__Exercise material__.
----------

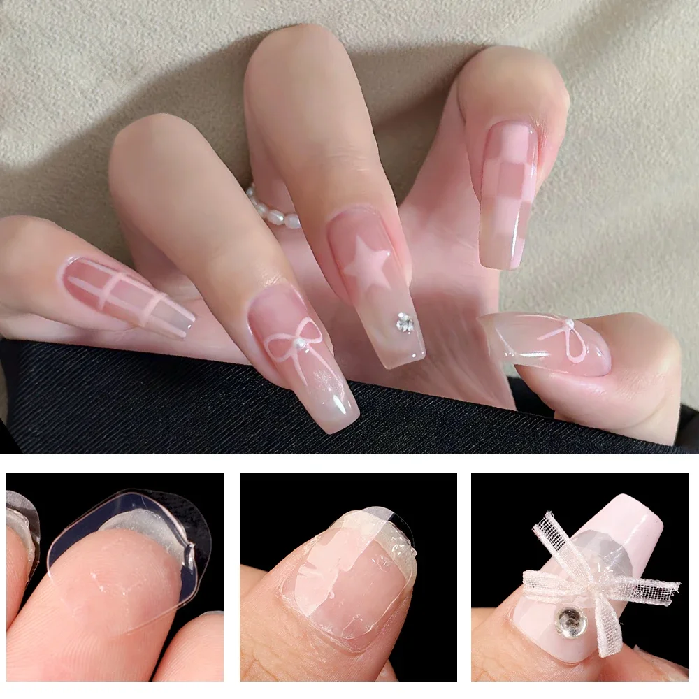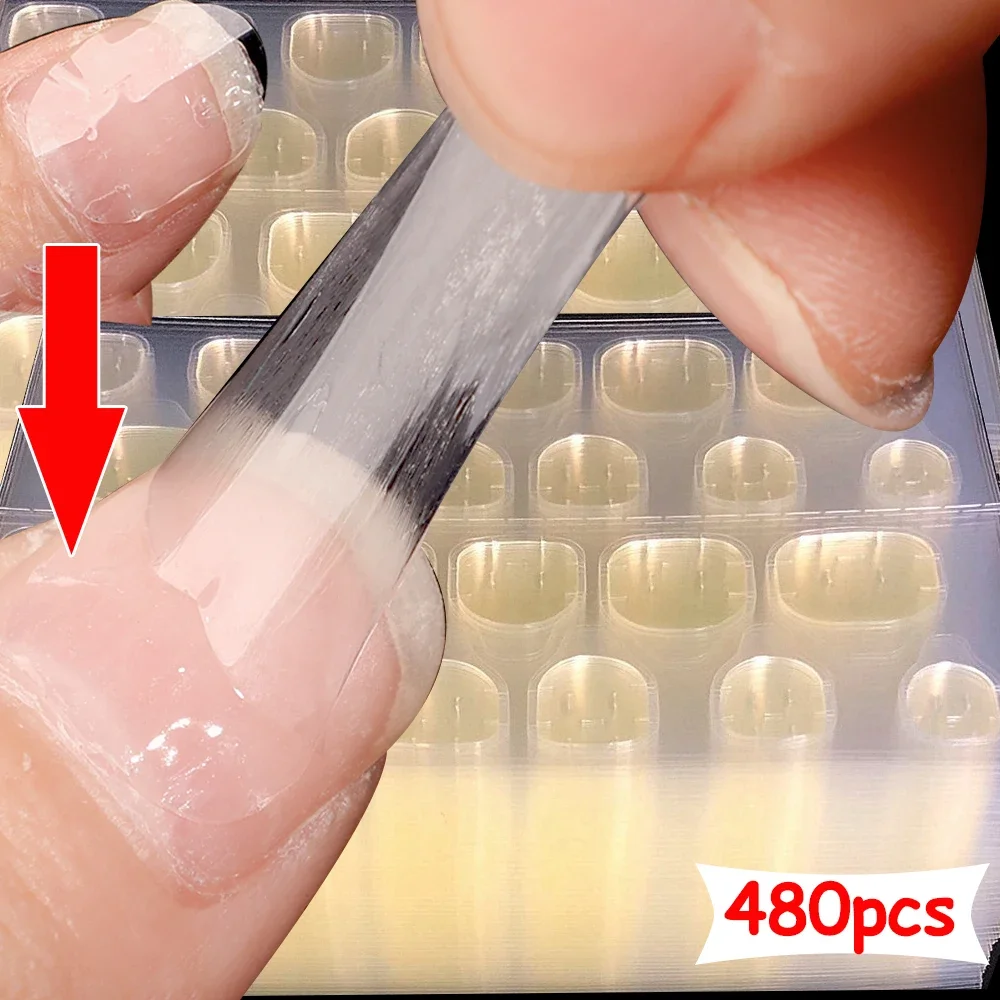 480pcs UV Nail Jelly Glue Breathable Transparent False Nail Glue Stickers Double Side Adhesive Film Glues Tape for Press-on Tips
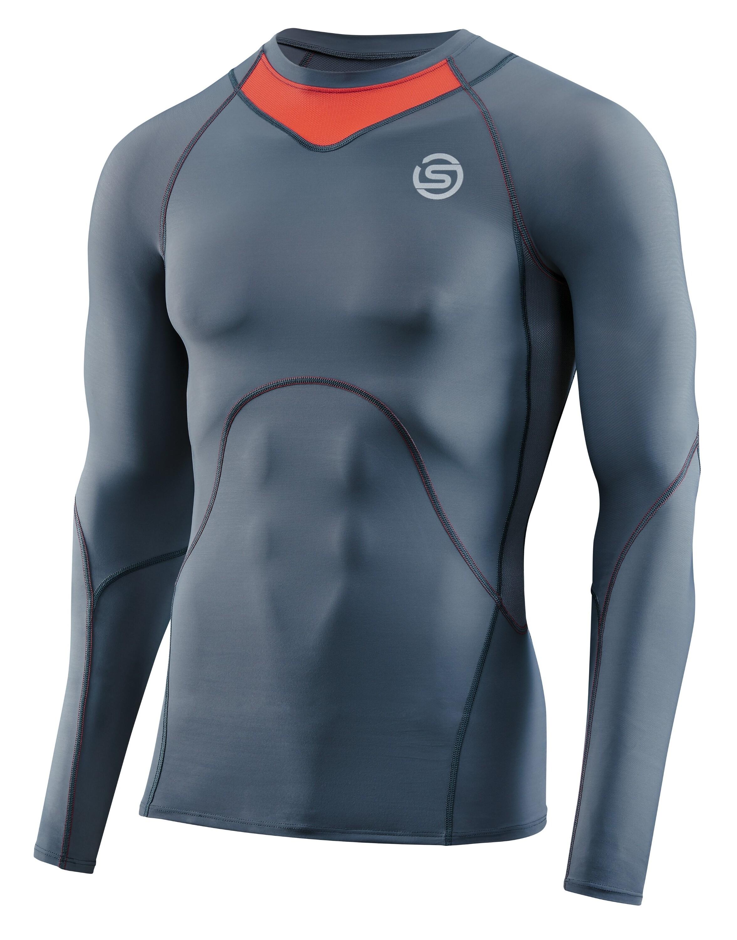Das Mens 3-Series Long Sleeve von SKINS für Herren ist ideal für Aktivitäten mit mittlerer bis hoher Intensität. SKINS hat sich hier auf die Unterstützung von Unterarm, Bizeps und Schultern konzentriert. Indem es den Druck erhöht und diese Bereiche umhüllt, bietet das Langarmshirt eine starke Grundlage für eine dynamische Körperleistung. Das Oberteil unterstützt die Muskeldurchblutung während der Aktivität und reduziert die negativen Auswirkungen von Milchsäure, denn mehr Sauerstoff bedeutet mehr Leistung. Die Kompression dämpft und reduziert außerdem Muskelvibrationen, was den Energieverlust verringert. Durch die Kompression bleibt der Körper leistungsfähiger. Die Netzbelüftung entlang der Wirbelsäule und in der unteren Hälfte des Rückens ermöglicht eine optimale Belüftung und Temperaturregulierung.
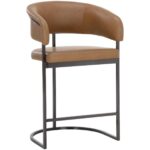 Uniting the beauty of sleek modern design with timeless elegance, the Marris Counter Stool is a great addition to any dining space. Stocked in smooth milliken cognac faux leather and completed with a cantilever frame in a gunmetal stainless steel finish. Handle With Care: This design has been crafted with faux leather. Faux leather is manufactured to reflect the natural characteristics of leather; as such, colour variations, markings, wrinkles, grooves, and light scratches are appreciated characteristics. No two pieces will be alike. Visit our Product Care page for more information on how to ensure the lasting beauty of this piece.
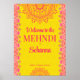 Elegante magenta cereal amarillo brillante Mehndi de bienvenida plantilla de señalización. Vibrantes colores alegres y juguetones para una ocasión especial.
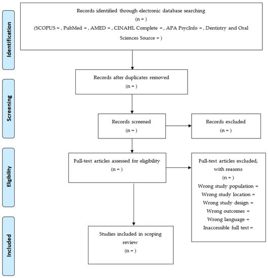 - Peters, M.D.; Godfrey, C.M.; Khalil, H.; McInerney, P.; Parker, D.; Soares, C.B. Guidance for conducting systematic scoping reviews. Int. J. Evid. Based Healthc. 2015, 13, 141–146. [Google Scholar] [CrossRef] [PubMed]
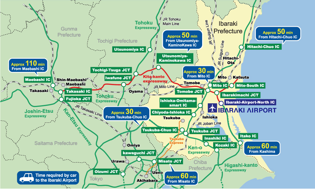 Limousine bus service from Mito Station and Ishioka Station is convenient. Limousine bus service between Tokyo Station and Ibaraki Airport is also available.
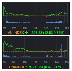 ホーチミン市場は、1701.06 (+0.94%)で寄り付いた後、さらに1704.42 (+1.13%)まで上昇すると反落、値を消し、前引け直前にマイナス圏に転落した。後場に入ると、プラス圏に浮上、もみ合いながら値を上げる展開となり、VNインデックスは+12.53ポイント(+0.74%)高の1697.83で引けた。
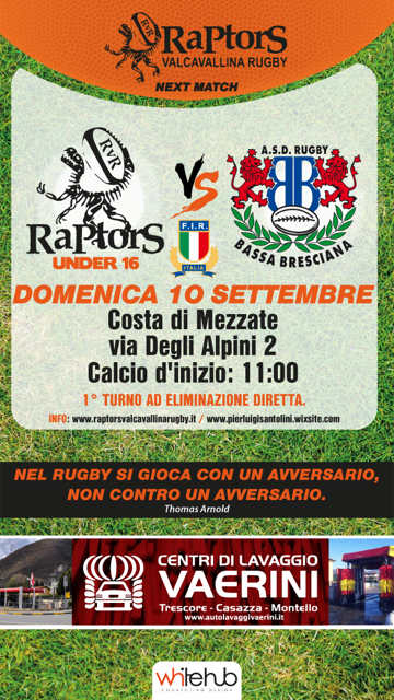 Rugby Varese - Raptors 38 a 28 (6-4)La partita con il Varese ha indicato una serie di problematiche tattiche e tecniche (meno) che sono inversamente proporzionali...
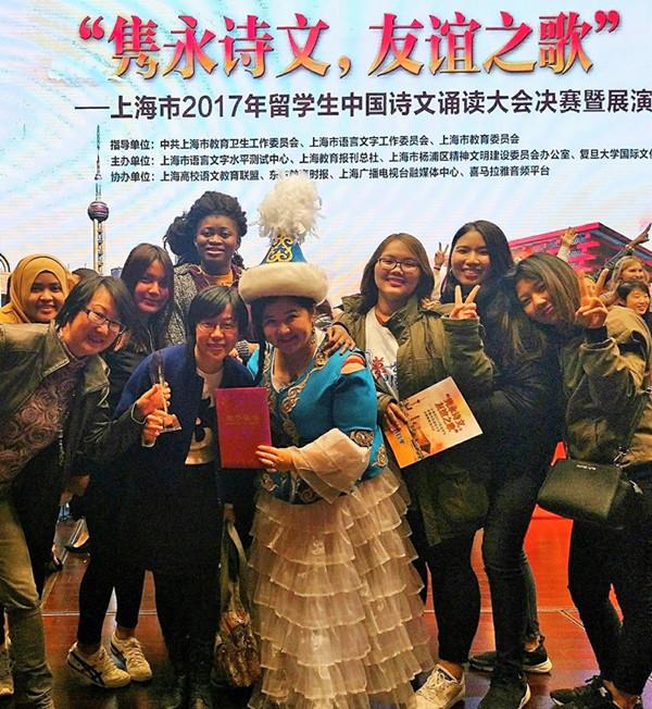 经过艰苦备战,与伴舞、伴奏不断磨合,在19日的决赛中,迪娜在激烈的竞争中脱颖而出,以其纯正的语音、声情并茂的朗诵、艺术化的表现形式,战胜了来自复旦、交大等的一众高手,喜获一等奖,展示了上海大学留学生的语言面貌,提高了上海大学国际教育的知名度。上海大学国际交流学院长年为留学生开设普通话语音训练、诗文朗诵、古文选读、中国文化等语言文化类课程,相信今后还会涌现出更多的像迪娜这样的“中国通”。
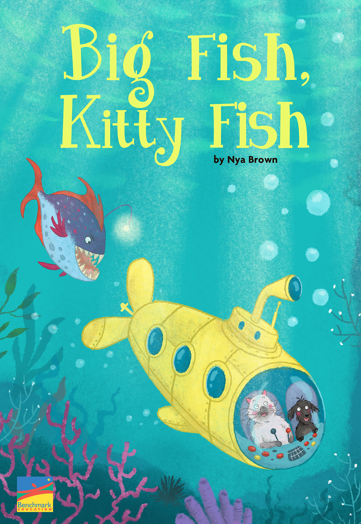 Big Fish Kitty Fish is a story about Mr. Kitty and his friend dog Binky. They were so bored with their regular food-canned fish. Once they decided to build a submarine that allowed them to travel to the bottom of the ocean. They thought they could catch a perfect fish for dinner! When they got into the submarine and reached the bottom of the ocean they saw a BIG fish which started to chase them. It looked like they were a perfect meal for this monster! Mr. Kitty and Binky decided to race home. Finally, they happily enjoyed a nice big bowl of canned fish.
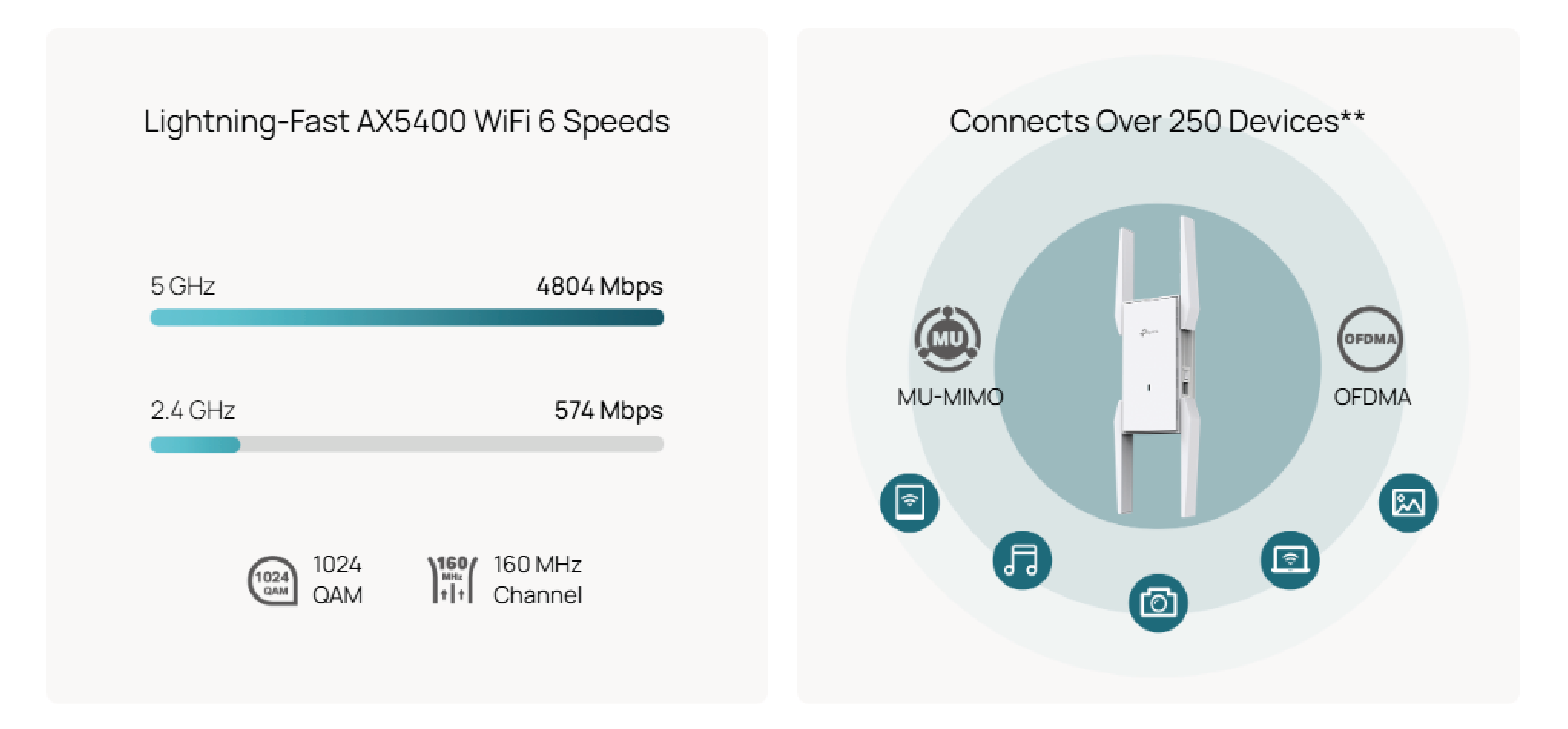 TP-Link EAP673-Extender to zaawansowany wzmacniacz sygnału obsługujący standard Wi-Fi 6 (IEEE 802.11ax), zapewniający ultraszybką łączność i stabilne działanie sieci Mesh. Urządzenie pracuje jednocześnie w pasmach 2,4 GHz i 5 GHz, oferując łączną przepustowość do 5400 Mb/s – do 574 Mb/s w paśmie 2,4 GHz oraz do 4804 Mb/s w paśmie 5 GHz. Dzięki technologiom Wi-Fi 6, takim jak OFDMA, 1024-QAM, MU-MIMO i Beamforming, EAP673-Extender gwarantuje wysoką wydajność, mniejsze opóźnienia oraz płynne działanie nawet przy dużej liczbie aktywnych użytkowników.
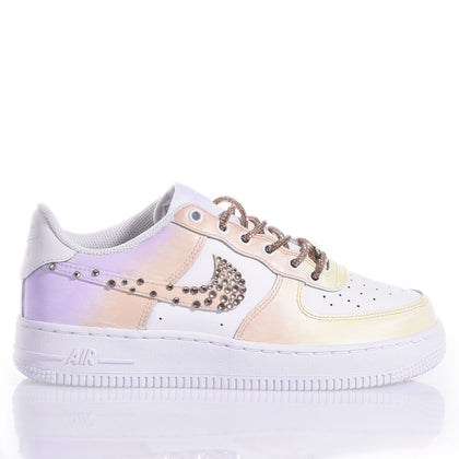 Nike Air Force 1 Pastel Sunset — Exclusive edition, hand-customized with pastel tones inspired by sunsets. Each pair is embellished with Swarovski crystals carefully applied by hand on the Nike swoosh, creating a luminous and unique finish. Perfect for those seeking sophisticated style and comfort, it combines the timeless elegance of the Air Force 1 with handcrafted luxury details.
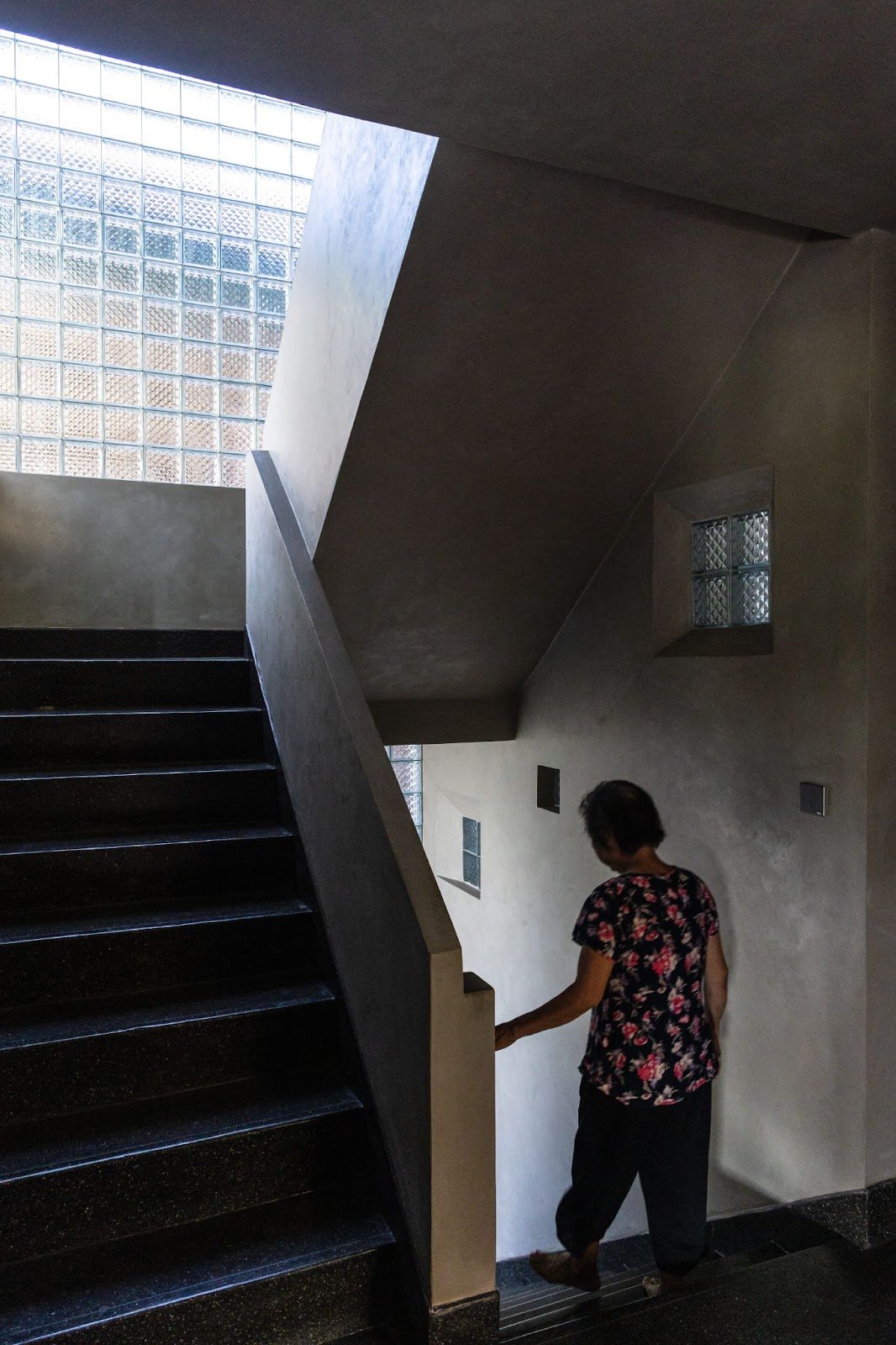 Người bà thong thả bước xuống cầu thang được chiếu sáng bởi các mảng tường gạch kính. Hình ảnh giản dị gợi lên tinh thần kết nối thế hệ – ý nghĩa trung tâm của Ba House.
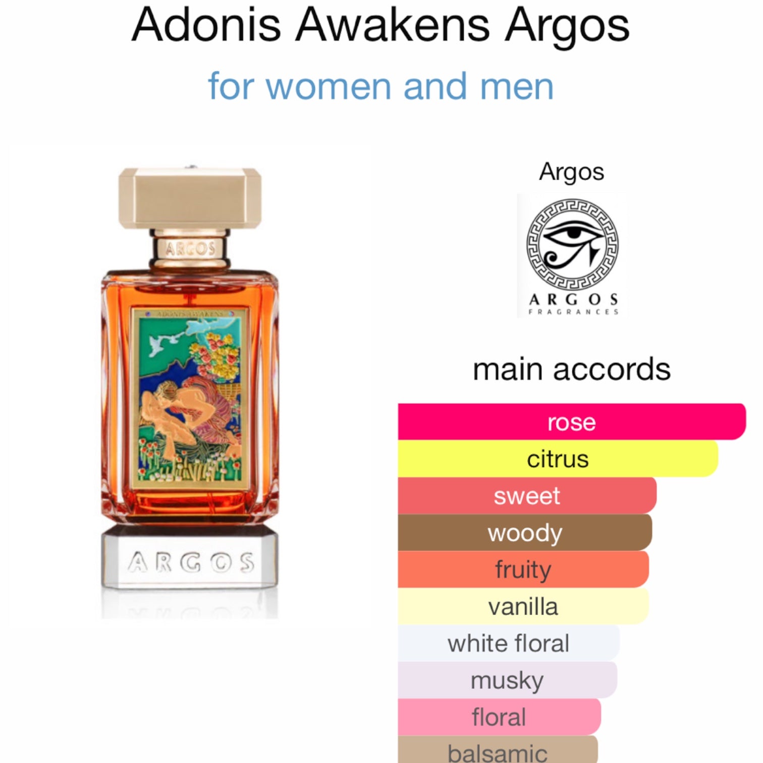 Adonis Awakens by Argos is a fragrance for women and men. This is a new fragrance. Adonis Awakens was launched in 2022. Top notes are Grapefruit, Bergamot and Pink Pepper; middle notes are Bulgarian Rose, Raspberry, Vanilla, Jasmine Sambac and Chestnut; base notes are Rose, Cashmere Wood and Mysore Sandalwood.
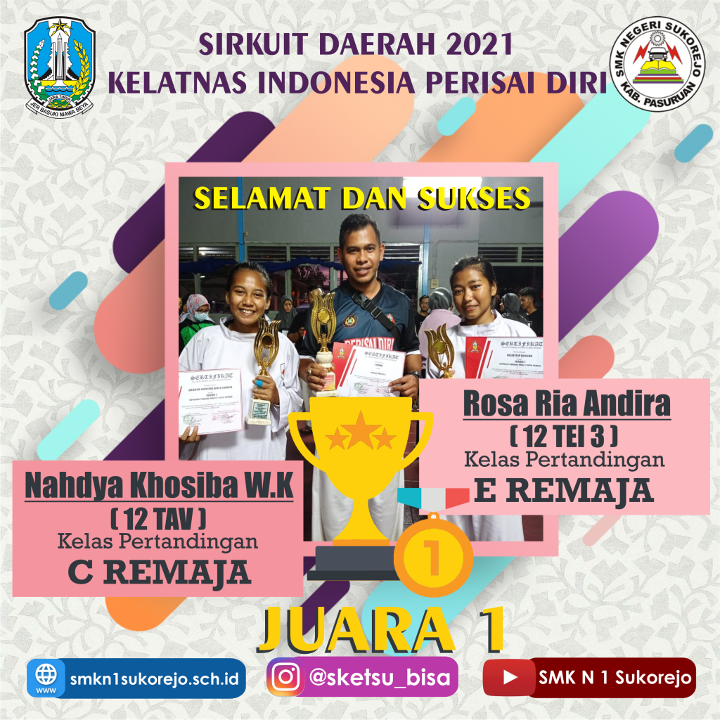 Selamat dan sukses atas nama Nahdya Khosiba W. K dari kelas XII TAV yang mendapatkan Juara 1 di kelas pertandingan C Remaja dan Rosa Ria Andira dari kelas XII TEI 3 yang mendapatkan Juara 1 di kelas pertandingan E Remaja.

----------

__Exercise requirements__. Where an entry includes an image, leave that image out; otherwise, reproduce everything exactly.

__Answer for the task__.
 480pcs UV Nail Jelly Glue Breathable Transparent False Nail Glue Stickers Double Side Adhesive Film Glues Tape for Press-on Tips
Das Mens 3-Series Long Sleeve von SKINS für Herren ist ideal für Aktivitäten mit mittlerer bis hoher Intensität. SKINS hat sich hier auf die Unterstützung von Unterarm, Bizeps und Schultern konzentriert. Indem es den Druck erhöht und diese Bereiche umhüllt, bietet das Langarmshirt eine starke Grundlage für eine dynamische Körperleistung. Das Oberteil unterstützt die Muskeldurchblutung während der Aktivität und reduziert die negativen Auswirkungen von Milchsäure, denn mehr Sauerstoff bedeutet mehr Leistung. Die Kompression dämpft und reduziert außerdem Muskelvibrationen, was den Energieverlust verringert. Durch die Kompression bleibt der Körper leistungsfähiger. Die Netzbelüftung entlang der Wirbelsäule und in der unteren Hälfte des Rückens ermöglicht eine optimale Belüftung und Temperaturregulierung.
 Uniting the beauty of sleek modern design with timeless elegance, the Marris Counter Stool is a great addition to any dining space. Stocked in smooth milliken cognac faux leather and completed with a cantilever frame in a gunmetal stainless steel finish. Handle With Care: This design has been crafted with faux leather. Faux leather is manufactured to reflect the natural characteristics of leather; as such, colour variations, markings, wrinkles, grooves, and light scratches are appreciated characteristics. No two pieces will be alike. Visit our Product Care page for more information on how to ensure the lasting beauty of this piece.
 Elegante magenta cereal amarillo brillante Mehndi de bienvenida plantilla de señalización. Vibrantes colores alegres y juguetones para una ocasión especial.
 - Peters, M.D.; Godfrey, C.M.; Khalil, H.; McInerney, P.; Parker, D.; Soares, C.B. Guidance for conducting systematic scoping reviews. Int. J. Evid. Based Healthc. 2015, 13, 141–146. [Google Scholar] [CrossRef] [PubMed]
 Limousine bus service from Mito Station and Ishioka Station is convenient. Limousine bus service between Tokyo Station and Ibaraki Airport is also available.
 ホーチミン市場は、1701.06 (+0.94%)で寄り付いた後、さらに1704.42 (+1.13%)まで上昇すると反落、値を消し、前引け直前にマイナス圏に転落した。後場に入ると、プラス圏に浮上、もみ合いながら値を上げる展開となり、VNインデックスは+12.53ポイント(+0.74%)高の1697.83で引けた。
 Rugby Varese - Raptors 38 a 28 (6-4)La partita con il Varese ha indicato una serie di problematiche tattiche e tecniche (meno) che sono inversamente proporzionali...
 经过艰苦备战,与伴舞、伴奏不断磨合,在19日的决赛中,迪娜在激烈的竞争中脱颖而出,以其纯正的语音、声情并茂的朗诵、艺术化的表现形式,战胜了来自复旦、交大等的一众高手,喜获一等奖,展示了上海大学留学生的语言面貌,提高了上海大学国际教育的知名度。上海大学国际交流学院长年为留学生开设普通话语音训练、诗文朗诵、古文选读、中国文化等语言文化类课程,相信今后还会涌现出更多的像迪娜这样的“中国通”。
 Big Fish Kitty Fish is a story about Mr. Kitty and his friend dog Binky. They were so bored with their regular food-canned fish. Once they decided to build a submarine that allowed them to travel to the bottom of the ocean. They thought they could catch a perfect fish for dinner! When they got into the submarine and reached the bottom of the ocean they saw a BIG fish which started to chase them. It looked like they were a perfect meal for this monster! Mr. Kitty and Binky decided to race home. Finally, they happily enjoyed a nice big bowl of canned fish.
 TP-Link EAP673-Extender to zaawansowany wzmacniacz sygnału obsługujący standard Wi-Fi 6 (IEEE 802.11ax), zapewniający ultraszybką łączność i stabilne działanie sieci Mesh. Urządzenie pracuje jednocześnie w pasmach 2,4 GHz i 5 GHz, oferując łączną przepustowość do 5400 Mb/s – do 574 Mb/s w paśmie 2,4 GHz oraz do 4804 Mb/s w paśmie 5 GHz. Dzięki technologiom Wi-Fi 6, takim jak OFDMA, 1024-QAM, MU-MIMO i Beamforming, EAP673-Extender gwarantuje wysoką wydajność, mniejsze opóźnienia oraz płynne działanie nawet przy dużej liczbie aktywnych użytkowników.
 Nike Air Force 1 Pastel Sunset — Exclusive edition, hand-customized with pastel tones inspired by sunsets. Each pair is embellished with Swarovski crystals carefully applied by hand on the Nike swoosh, creating a luminous and unique finish. Perfect for those seeking sophisticated style and comfort, it combines the timeless elegance of the Air Force 1 with handcrafted luxury details.
 Người bà thong thả bước xuống cầu thang được chiếu sáng bởi các mảng tường gạch kính. Hình ảnh giản dị gợi lên tinh thần kết nối thế hệ – ý nghĩa trung tâm của Ba House.
 Adonis Awakens by Argos is a fragrance for women and men. This is a new fragrance. Adonis Awakens was launched in 2022. Top notes are Grapefruit, Bergamot and Pink Pepper; middle notes are Bulgarian Rose, Raspberry, Vanilla, Jasmine Sambac and Chestnut; base notes are Rose, Cashmere Wood and Mysore Sandalwood.
 Selamat dan sukses atas nama Nahdya Khosiba W. K dari kelas XII TAV yang mendapatkan Juara 1 di kelas pertandingan C Remaja dan Rosa Ria Andira dari kelas XII TEI 3 yang mendapatkan Juara 1 di kelas pertandingan E Remaja.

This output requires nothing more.